AWS Batch enables developers, scientists, and engineers to easily and efficiently run hundreds of thousands of batch computing jobs on AWS. AWS Batch dynamically provisions the optimal quantity and type of compute resources.

Features:

  • Support for multi-node parallel jobs
  • Granular job definitions
  • Simple job dependency modeling
  • Support for popular workflow engines
  • Dynamic compute resource provisioning and scaling
  • Priority-based job scheduling
  • Dynamic spot bidding
  • Integrated monitoring and logging
  • Fine-grained access control

There is no additional charge for AWS Elastic Beanstalk and AWS Batch. You pay for AWS resources (e.g. EC2 instances or S3 buckets) you create to store and run your application.

AWS Lambda

Language Runtimes

AWS Lambda natively supports Java 8-11, Go 1.x, PowerShell and C# (.Net Core 3.1 and 2.1), Python 3.8-3.7-3.6-2.7, Node.js 12 & 10, and Ruby 2.7-2.5 code.

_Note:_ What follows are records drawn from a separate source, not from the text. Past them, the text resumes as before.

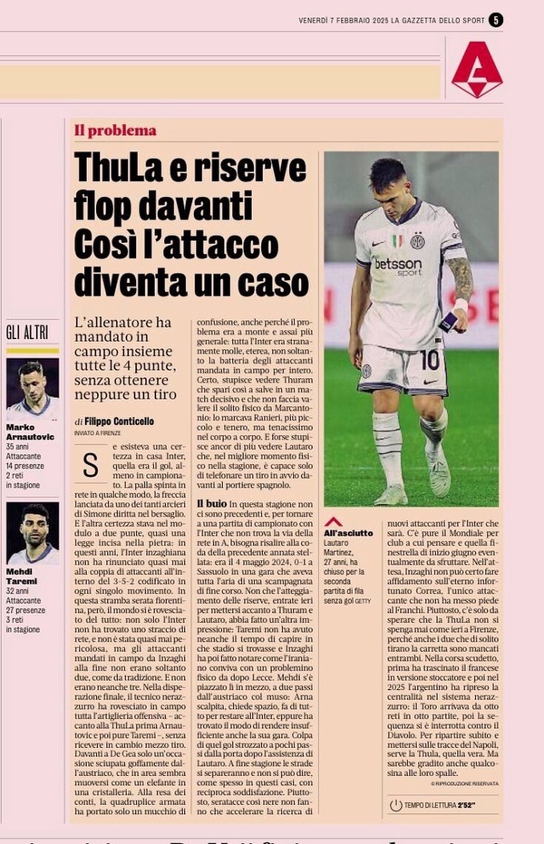 نشریه ایتالیایی با تیتر «تولا و ذخیرههای ناکام» به نقد عملکرد خط حمله اینتر پرداخت چون تولا یعنی تورام و لاوتارو مارتینز زوج همیشگی خط حمله اینتر بسیار بد ظاهر شدند و ورود طارمی و آرناتوویچ و «استفاده 4 مهاجم همزمان مشکل اینزاگی را حل نکرد».بر اساس گزارش گازتا، ارتش 4 تایی اینزاگی(مارتینز، تورام، طارمی و آرناتوویچ) در سردرگمی محض بودند و این زنگ خطری برای اینتر در دفاع از عنوان قهرمانی سریآ است.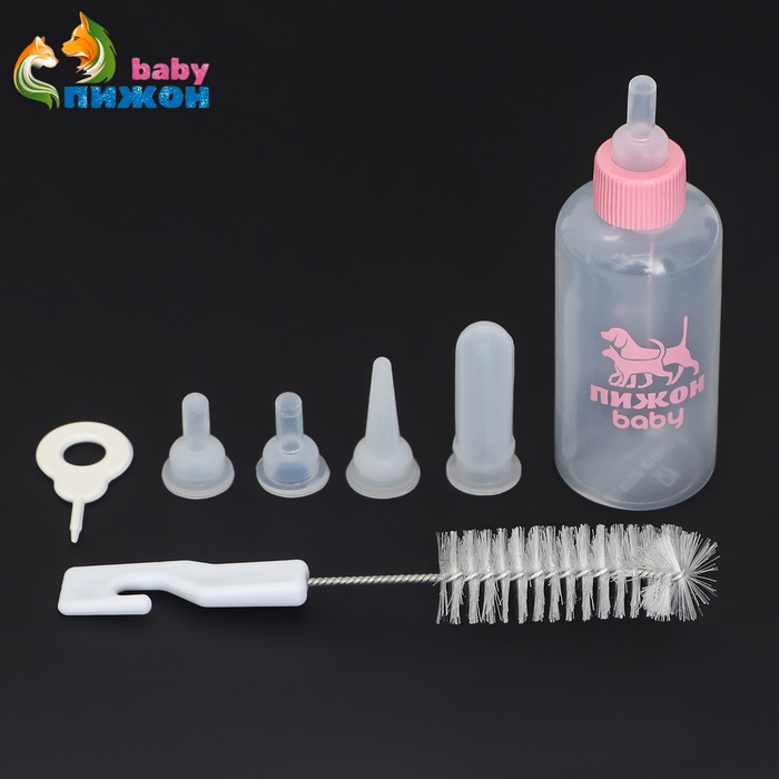 Набор для вскармливания животных «Пижон», бутылочка 60 мл, 4 соски и ёршик, розовый 8 фото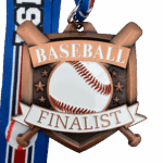 All of our medals are made of a zinc alloy. This medal is 2.75″ by 2.75″ with an 18″ ribbon. These medals are bronze in color and say baseball finalist with a painted ball and background. The ribbon is blue with red and white stripes with the word finalist and an image of a baseball.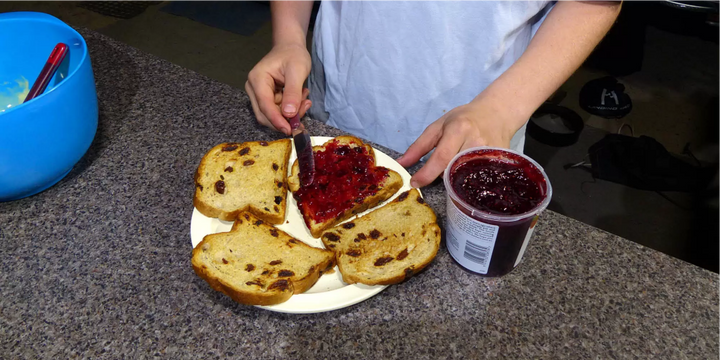 - Spread bread generously with jam.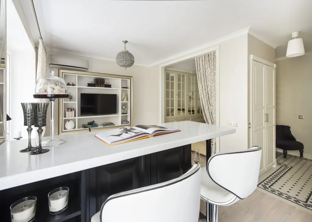 S-a lucrat pe baza contrastului primar, cel in care luxul transpare cel mai bine. Paleta de nuante crem, pasteluri diluate, alb cremos si tonuri naturale creeaza o atmosfera calda, placuta. Pentru delimitare au fost folosite tusele negre mobilierul inchis al bucatariei bine utilate marcheaza zona de gatit, iar barul gri deschide zona livingului. Asa cum se observa, barul a primit functie dubla, el intrunind si calitatile unui spatiu de dining foarte sic.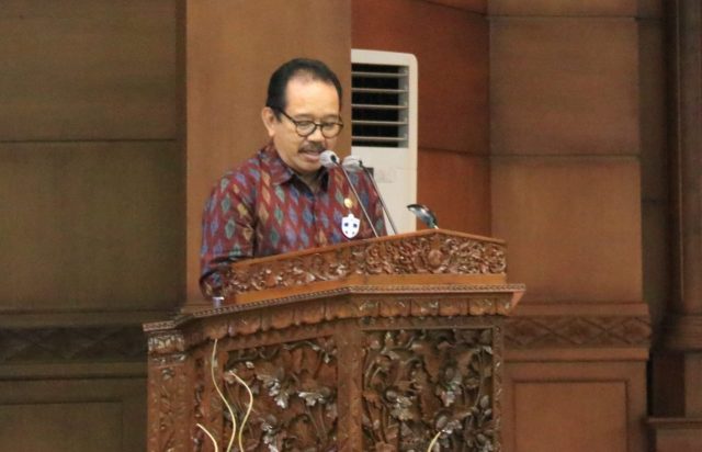 Wakil Gubernur Bali Tjokorda Oka Artha Ardhana Sukawati menyampaikan penjelasan kepala daerah terhadap Raperda Provinsi Bali tentang Perubahan Kedua Atas Peraturan Daerah Nomor 10 Tahun 2016 tentang Pembentukan dan Susunan Perangkat Daerah, di Gedung Sidang Utama DPRD Provinsi Bali, Senin (12/10/2020).

In addition, you can implement an AWS Lambda runtime in any programming language. A runtime is a program that runs a Lambda function’s handler method when the function is invoked.

Events and Triggers

  • HTTP— HTTP requests using Amazon API Gateway or API calls made using AWS SDKs.
  • Amazon S3
  • Amazon DynamoDB
  • Amazon Kinesis Data Streams
  • Amazon Simple Notification Service
  • Amazon Simple Email Service
  • Amazon Simple Queue Service
  • Amazon Cognito
  • AWS CloudFormation
  • Amazon CloudWatch Logs
  • Amazon CloudWatch Events
  • AWS CodeCommit
  • Scheduled Events (powered by Amazon CloudWatch Events)
  • AWS Config
  • Amazon Alexa
  • Amazon Lex
  • Amazon API Gateway
  • AWS IoT Button
  • Amazon CloudFront
  • Amazon Kinesis Data Firehose
  • Other Event Sources: Invoking a Lambda Function On Demand

AWS Serverless Application Model (AWS SAM) and Serverless Application Repository

An open-source framework that you can use to build  Serverless Application ( a combination of Lambda functions, event sources, and other resources that work together to perform tasks) together with a  repository for serverless applications.

Timeout

Function execution time is limited by the timeout duration, which you can specify at function deployment time. A function times out after 3 seconds by default, but you can extend this period up to 15 minutes. When function execution exceeds the timeout, an error status is immediately returned.

SLA

Monthly Uptime Percentage <= 99.95%

Billing Model

  • Lambda counts a request each time it starts executing in response to an event notification or invoke call, including test invokes from the console. You are charged for the total number of requests across all your functions.
  • Duration is calculated from the time your code begins executing until it returns or otherwise terminates, rounded up to the nearest 100ms. The price depends on the amount of memory you allocate to your function.
  • Data Transfer out to internet
  • The Lambda free tier includes 1M free requests per month and 400,000 GB-seconds of compute time per month.